Sen. Olympia Snowe (R-Maine) is the author of an alternative bill (S 406) that is opposed by the insurance industry and has been stalled in the Senate for years. Snowe has yet to sign on to Enzi's bill, which lacks a key provision in her bill that would allow small-business health plans to self-insure and thus be exempt from state regulation. The Enzi bill would allow small-business health plans to bypass state coverage mandates only if they also sell at least one policy that matches a benefit plan offered to state employees in one of the five most populous states.
Opponents of the Enzi bill describe this provision as a weak protection for the public, since there are several options within those state plans that are offer only minimal coverage.
“We foresee the number of uninsured and underinsured going up if this becomes law,” Pollitz said.
The House passed legislation (HR 525) last July that mirrors Snowe's bill.
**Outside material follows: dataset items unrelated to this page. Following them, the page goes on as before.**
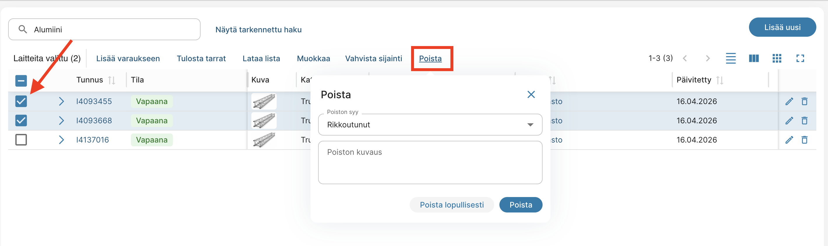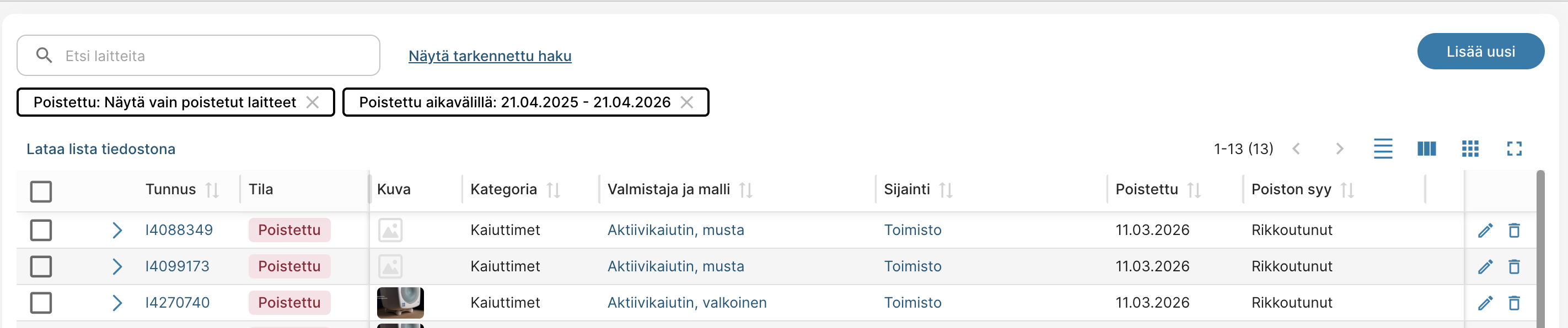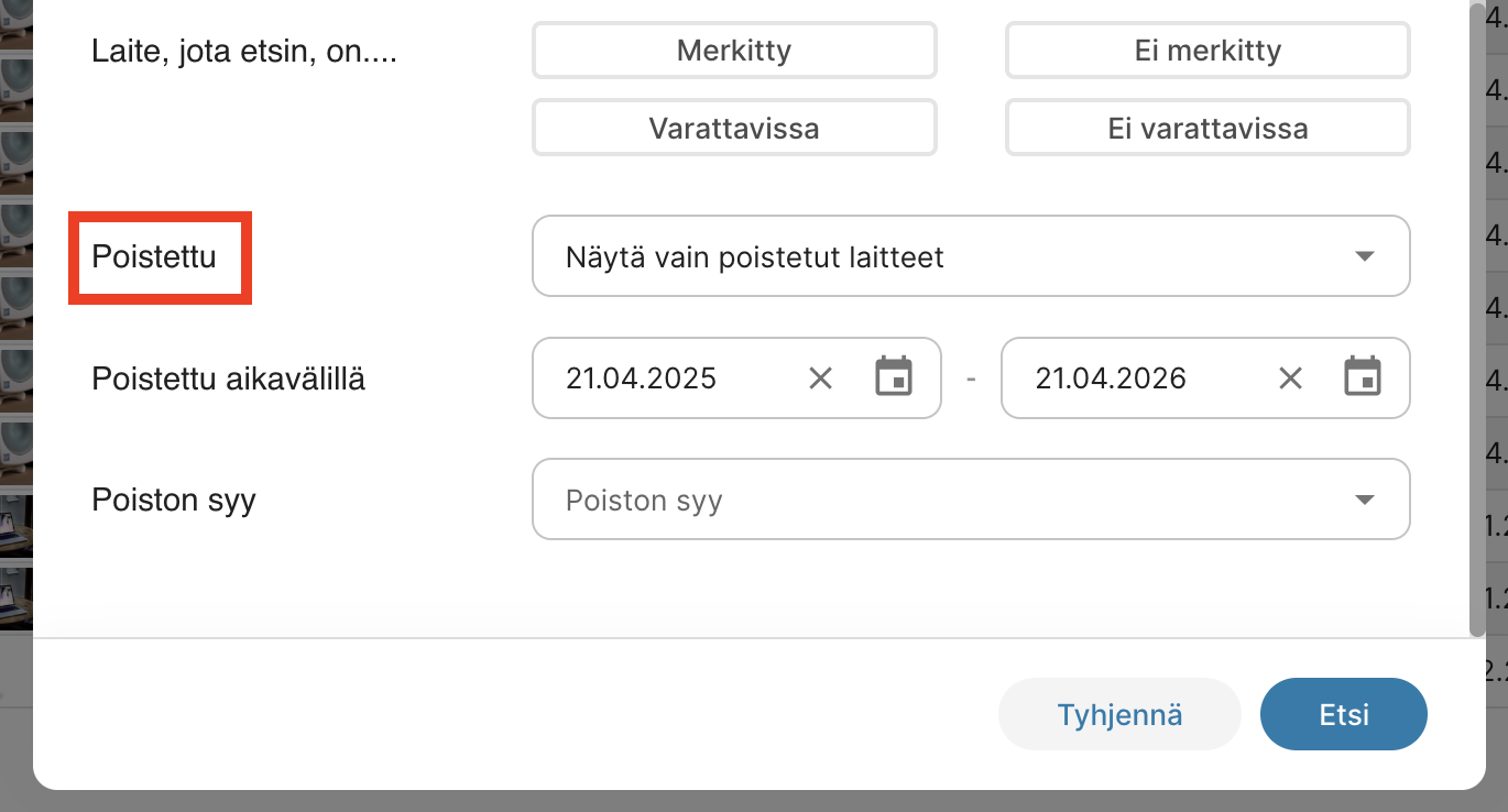 Voit lisätä laitelistaan sarakkeet Poistettu ja Poistosyy: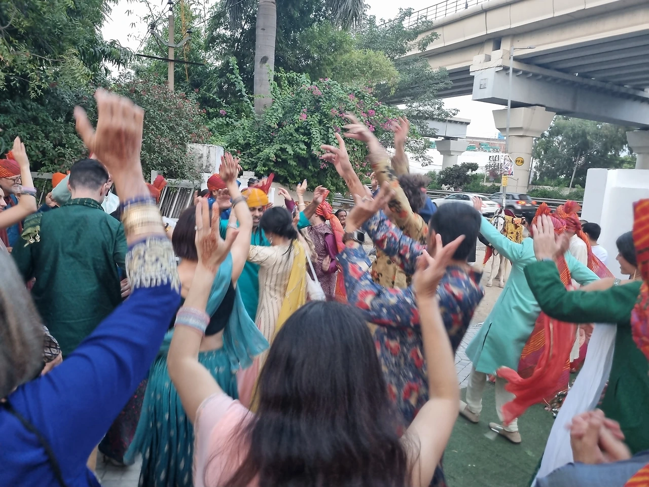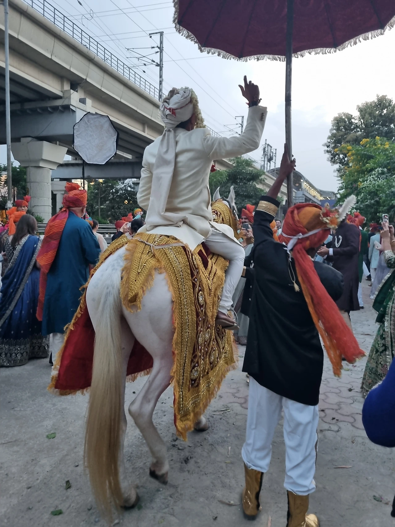 주차장 후문에서 친지,친구들과 춤추다가 대기해놓은 백마을 타고 정문으로 가는 행렬. 바로 앞에 지나가는 메트로의 승객들에게 볼거리 제공했다!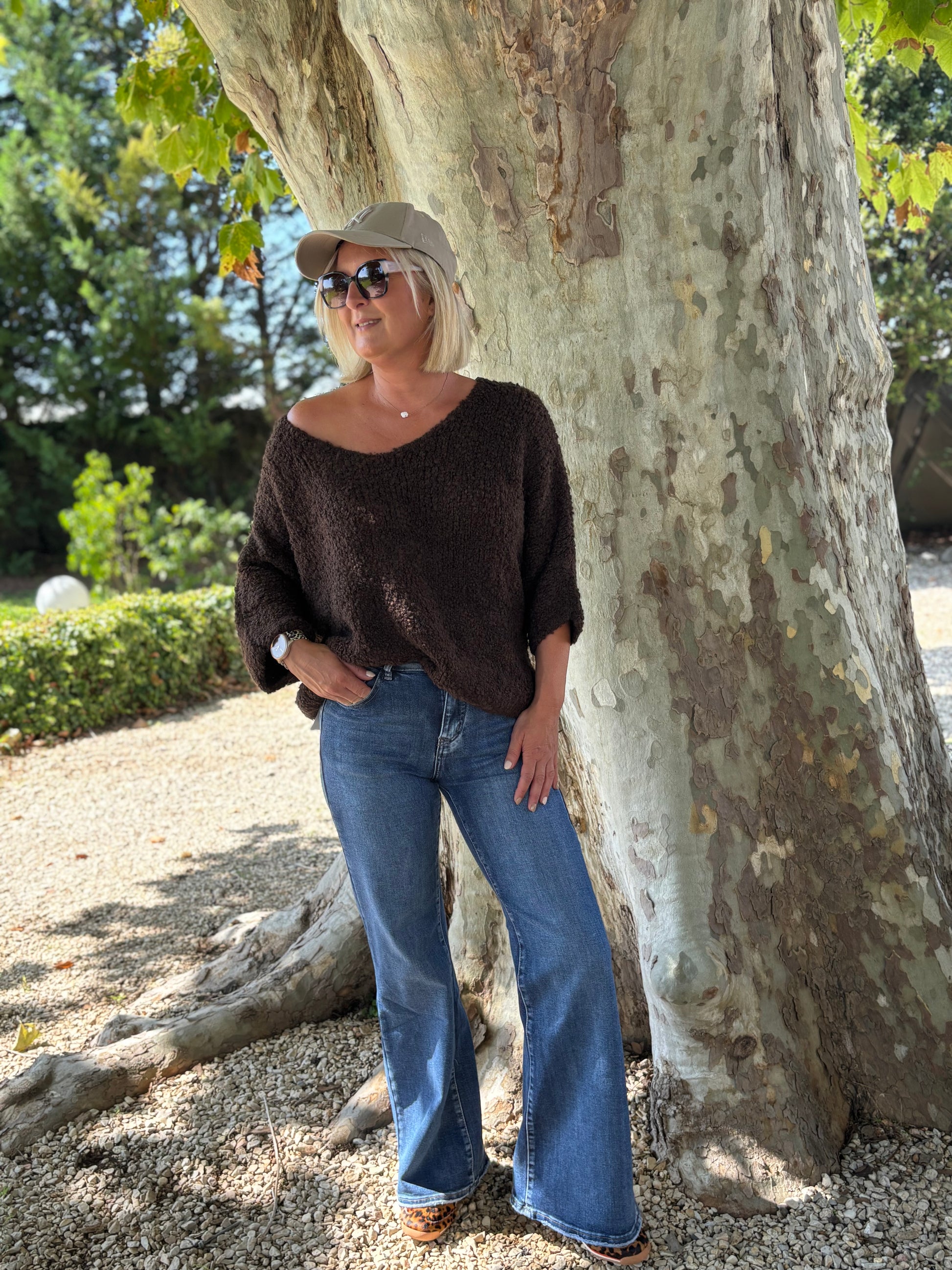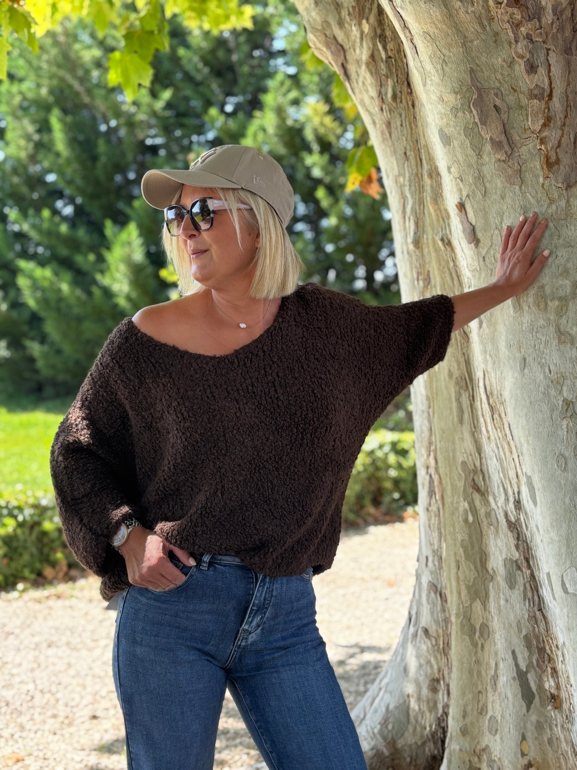 Pull maille bouclette, col V, coupe oversize, taille unique convient du 36 au 44. Existe en plusieurs coloris.

If the Enzi bill is approved, members of the two houses would have to resolve differences and come up with final language.
Although most Democratic senators oppose both bills and are expected to offer amendments to draw away Republican support when it is considered by the full Senate, Pollitz said grass-roots pressure is pushing many to support the bill. Other issues that may arise as amendments, according to congressional staffers, are those that address a cap on medical malpractice awards, expanding health savings accounts, and extending the May 15 Medicare Part D enrollment deadline.